Key Points
- Bitcoin has the potential to trend higher despite recent corrections, according to Amberdata.
- However, the demand for Bitcoin has shown a decline in June compared to April and May.
Bitcoin, also known as BTC, has managed to maintain a consolidation above $100K. This comes despite increased profit-taking, but the cryptocurrency could potentially rally higher.
This information comes from Amberdata, a crypto options analytics firm. Despite the recent correction from $111.9K, the firm believes that the uptrend could continue.
Market Predictions and Influences
In a weekly market report, Amberdata’s Director of Derivatives, Greg Magadini, stated that he believes the bullish trend of Bitcoin remains unscathed. Despite the recent pull-back, he predicts a slow and consistent increase in prices.
The market does not currently anticipate significant price swings or rallies in the mid-term. This is indicated by the current implied volatility (IV) dropping to an average of 30-40% compared to historical realized volatility.
Jeff Park, Bitwise’s Head of Alpha, expects IV to reprice higher from July. He believes that Bitcoin IV is currently mispriced because the world is unaware of what’s coming in Q3.

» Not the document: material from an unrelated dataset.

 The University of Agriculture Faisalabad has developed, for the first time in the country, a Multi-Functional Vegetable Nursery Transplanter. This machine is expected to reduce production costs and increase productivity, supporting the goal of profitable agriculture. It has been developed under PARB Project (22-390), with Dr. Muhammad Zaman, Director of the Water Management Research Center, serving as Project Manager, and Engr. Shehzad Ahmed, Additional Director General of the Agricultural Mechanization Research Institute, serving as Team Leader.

Regulatory Shifts and Market Participation
Various analysts are predicting potential Federal rate cuts in Q3. If tariff wars are resolved, this could stimulate risk-on sentiment. Magadini also mentioned that the recent successful Circle’s IPO and the overall positive shift in regulation could fuel the momentum.
However, the demand for Bitcoin has shown a decline in June after a promising recovery in April and May. If the demand for Bitcoin decreases further, it could extend the range-bound price action or potentially drag the asset lower in the short term.

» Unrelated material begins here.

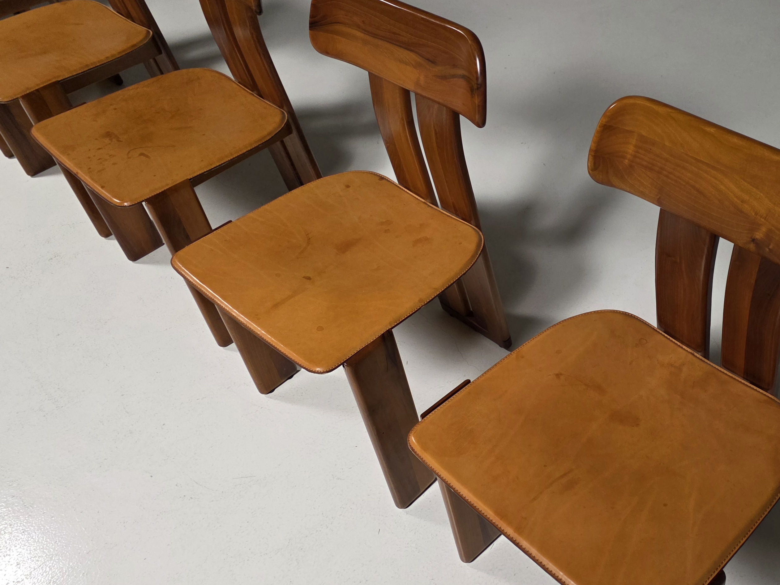 The seats are upholstered in original leather, showing a beautiful cognac / warm tan color that has developed a natural patina over time. This aging enhances the character of the chairs and reflects their authenticity.

This bearish scenario could be accelerated if the macro front turns negative. According to Coinbase, despite this week’s renewed trade talks between the U.S. and China in London, July 9 remains a key date to watch for other tariff deadlines.
The 7-day liquidation heatmap reinforced the range-bound price outlook in the short term. At press time, there were liquidity pockets and magnetic zones on either side of the price action. If BTC reclaims $110K, nearly $7 billion shorts will be liquidated. A similar amount is at risk if the price dips to $100K.